__GIVEN DATA__.

+ + + + +

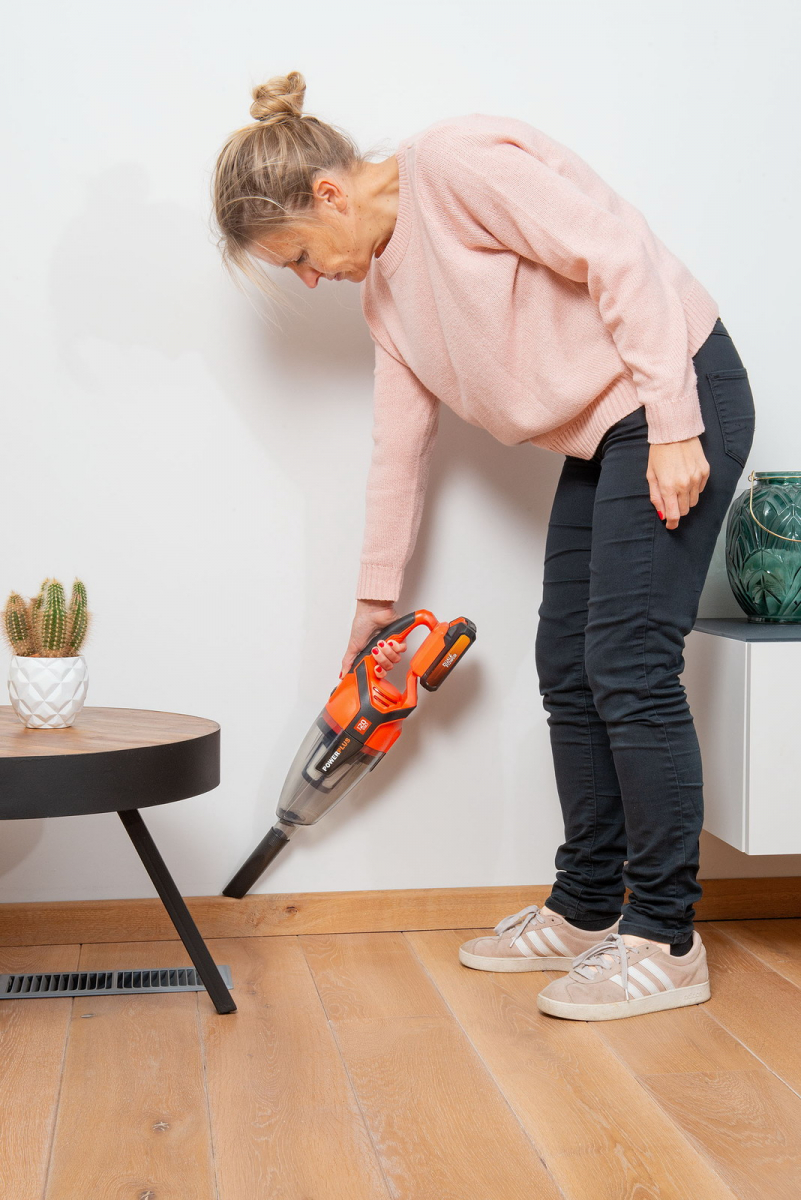 Tento 20V ručný vysávač POWDP6030 od Powerplus sa jednoducho a pohodlne používa. So svojim sacím výkonom 8 kPa je tento ručný vysávač dostatočne výkonný na čistenie stolov, štrbín a štrbín, nábytku a ďalších vecí. Ručný vysávač je napájaný batériou, takže sa ideálne hodí na použitie v miestach bez zástrčiek a zásuviek, ako sú autá. Zariadenie je možné pohodlne ovládať a má ergonomickú mäkkú rukoväť. Zberná nádoba na prach má kapacitu 600 ml. Ľahko sa vyprázdni a čistí. Filter je možné tiež vybrať a vyčistiť. Tým je zaistené správne fungovanie zariadenia a nedochádza k zníženiu sacieho výkonu. Vďaka príslušenstvu je možná široká škála čistiacich úloh. Štrbinová hubica sa zmestí do úzkych miest, kam sa väčšie vysávače nedostanú. Kefová hubica s otočnou kefou je ideálna na čistenie tkanín, ako sú autosedačky alebo pohovky. Predlžovacia trubica zaisťuje pohodlie užívateľa. Použiť môžete batérie zo série DUAL POWER a napätia 20V a taktiež aj batérie s napätím 40V.
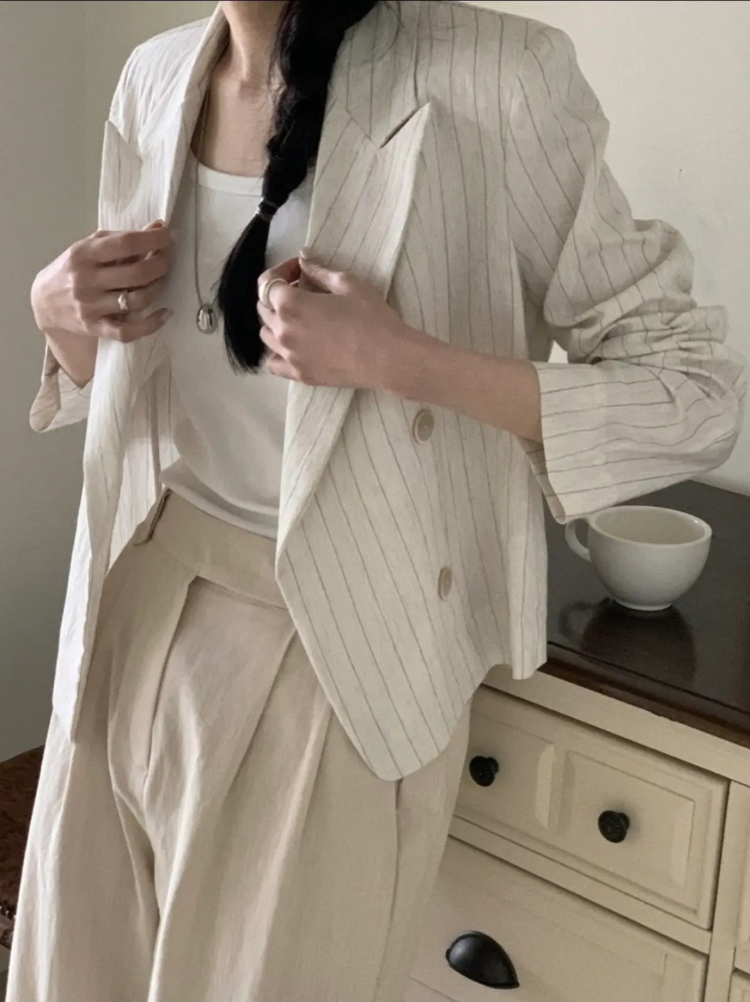Nice Striped Linen Jacket (Domestically Produced, Linen Jacket, Summer Jacket, SS New Arrival)
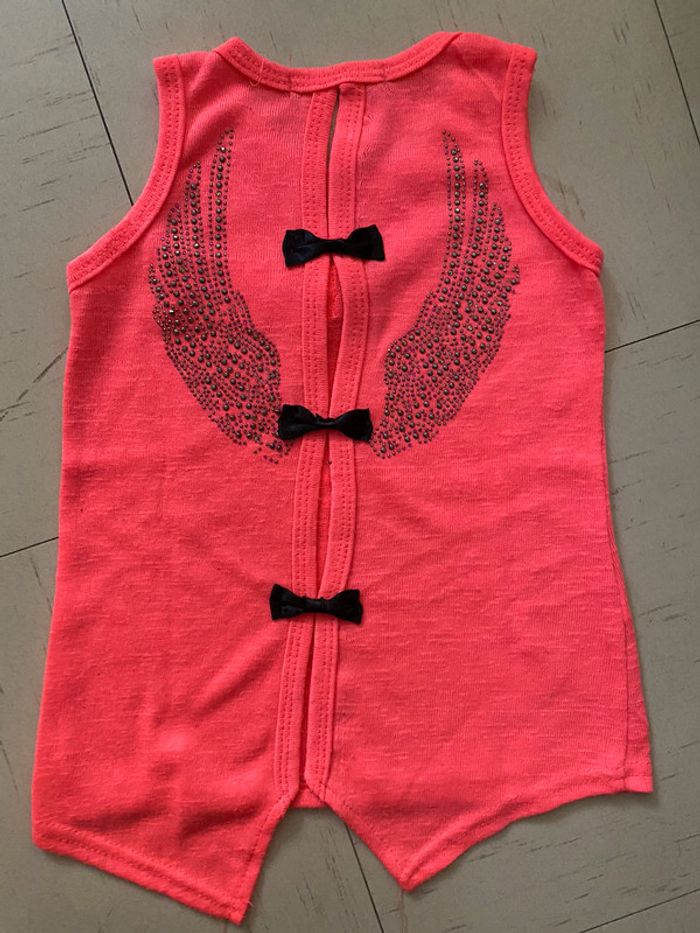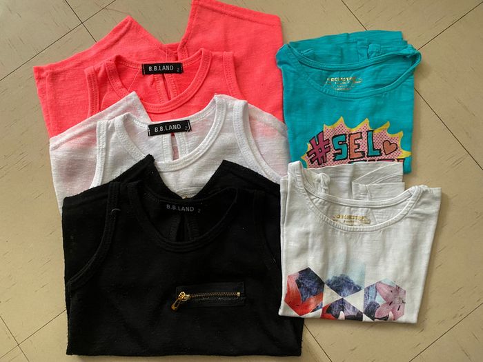 3 débardeurs et 2 tee shirts marque orchestra et boutique indépendante 1 tee shirt blanc et 1 tee shirt turquoise 3 débardeurs noir/ blanc et rose fluo
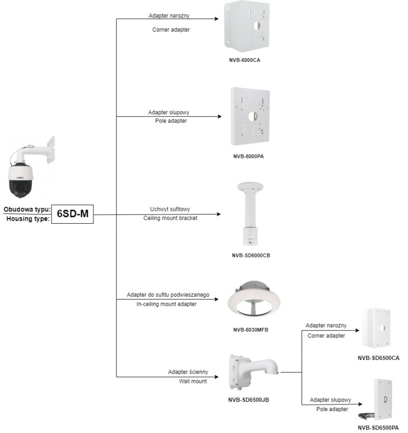 | Enclosure | aluminium, white, IK10 impact rating, In set: outdoor housing (integrated with the camera), wall mount bracket Enclosure type: 6SD-M |
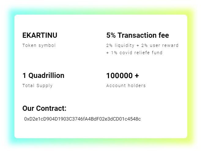 Enquanto outras plataformas cobram uma taxa de 10%, a Ekart INU fez uma nova tentativa de devolver à comunidade local o máximo que puder. Do total de 10%, 5% será a taxa de transação. 2% voltam para o usuário, 2% é a liquidez e o 1% restante irá contribuir para o fundo de alívio à covid-19.
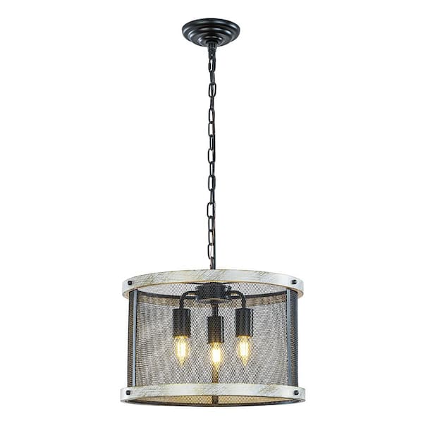 3-Light 16 in. Rustic Round Chandelier Black Mesh Iron Drum Shade and White Washed Wood Fram Industrial Pendant Light
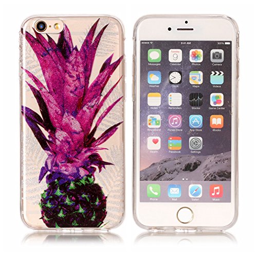 Iphone 6S Glitter Custodia, iphone 6 Silicone Cover, Trasparente Caso for iphone 6S 4.7", Ekakashop Moda Fantasia Creative 3d Gel Soft TPU Silicone Gomma Cover, Colorato Painting High penetration IMD Tech Glitter Sparkly Transparent Clear Morbido Cover Antiurto Protettivo Cover Case Custodia per iphone 6 6S 4.7 pollici con 1x Kickstand (Colore casuale) -- Purple Leaf Ananas
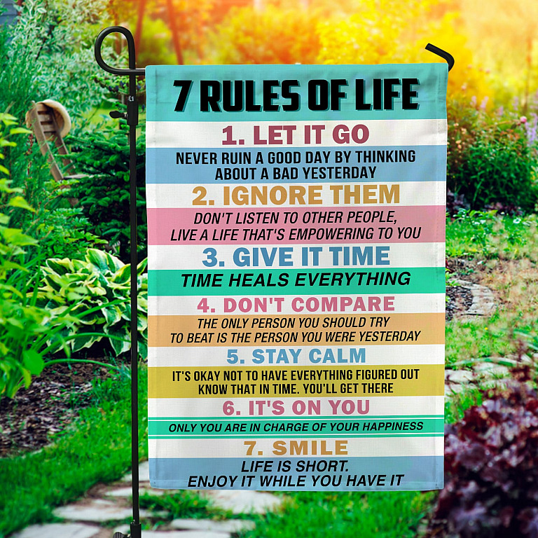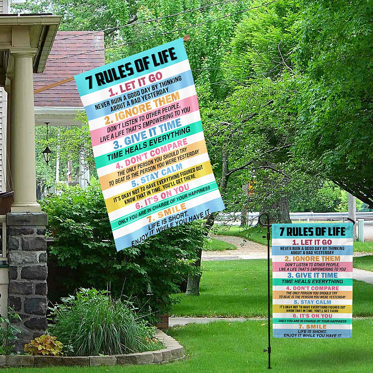 Let’s Shop 7 Rules of Life Decorative Garden Flag – Indoor Outdoor Flag – House Flag!
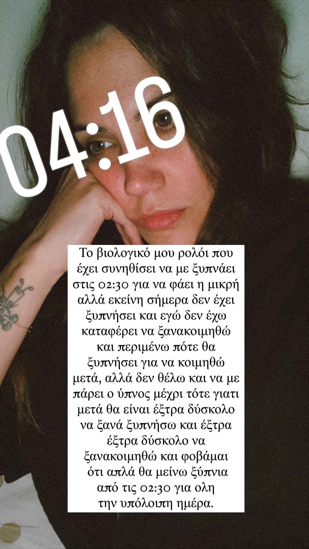 Όπως έγραψε: “To βιολογικό μου ρολόι έχει συνηθίσει να με ξυπνάει στις 02:30 για να φάει η μικρή αλλά εκείνη σήμερα δεν έχει ξυπνήσει. Kαι εγώ δεν έχω καταφέρει να ξανακοιμηθώ και περιμένω πότε θα ξυπνήσει. Aλλά δεν θέλω και να με πάρει ο ύπνος μέχρι τότε γιατί μετά θα είναι έξτρα δύσκολο να ξανά ξυπνήσω και έξτρα έξτρα δύσκολο να ξανακοιμηθώ”

+ + + + +

__ACTION ITEM__.
Your task is to reproduce exactly the lines from the one that holds "type: 6SD-M |" to the last line of the listing, and only those, omitting the pictures.

__RESULT FOR THIS TASK__.
 | Enclosure | aluminium, white, IK10 impact rating, In set: outdoor housing (integrated with the camera), wall mount bracket Enclosure type: 6SD-M |
 Enquanto outras plataformas cobram uma taxa de 10%, a Ekart INU fez uma nova tentativa de devolver à comunidade local o máximo que puder. Do total de 10%, 5% será a taxa de transação. 2% voltam para o usuário, 2% é a liquidez e o 1% restante irá contribuir para o fundo de alívio à covid-19.
 3-Light 16 in. Rustic Round Chandelier Black Mesh Iron Drum Shade and White Washed Wood Fram Industrial Pendant Light
 Iphone 6S Glitter Custodia, iphone 6 Silicone Cover, Trasparente Caso for iphone 6S 4.7", Ekakashop Moda Fantasia Creative 3d Gel Soft TPU Silicone Gomma Cover, Colorato Painting High penetration IMD Tech Glitter Sparkly Transparent Clear Morbido Cover Antiurto Protettivo Cover Case Custodia per iphone 6 6S 4.7 pollici con 1x Kickstand (Colore casuale) -- Purple Leaf Ananas
 Let’s Shop 7 Rules of Life Decorative Garden Flag – Indoor Outdoor Flag – House Flag!
 Όπως έγραψε: “To βιολογικό μου ρολόι έχει συνηθίσει να με ξυπνάει στις 02:30 για να φάει η μικρή αλλά εκείνη σήμερα δεν έχει ξυπνήσει. Kαι εγώ δεν έχω καταφέρει να ξανακοιμηθώ και περιμένω πότε θα ξυπνήσει. Aλλά δεν θέλω και να με πάρει ο ύπνος μέχρι τότε γιατί μετά θα είναι έξτρα δύσκολο να ξανά ξυπνήσω και έξτρα έξτρα δύσκολο να ξανακοιμηθώ”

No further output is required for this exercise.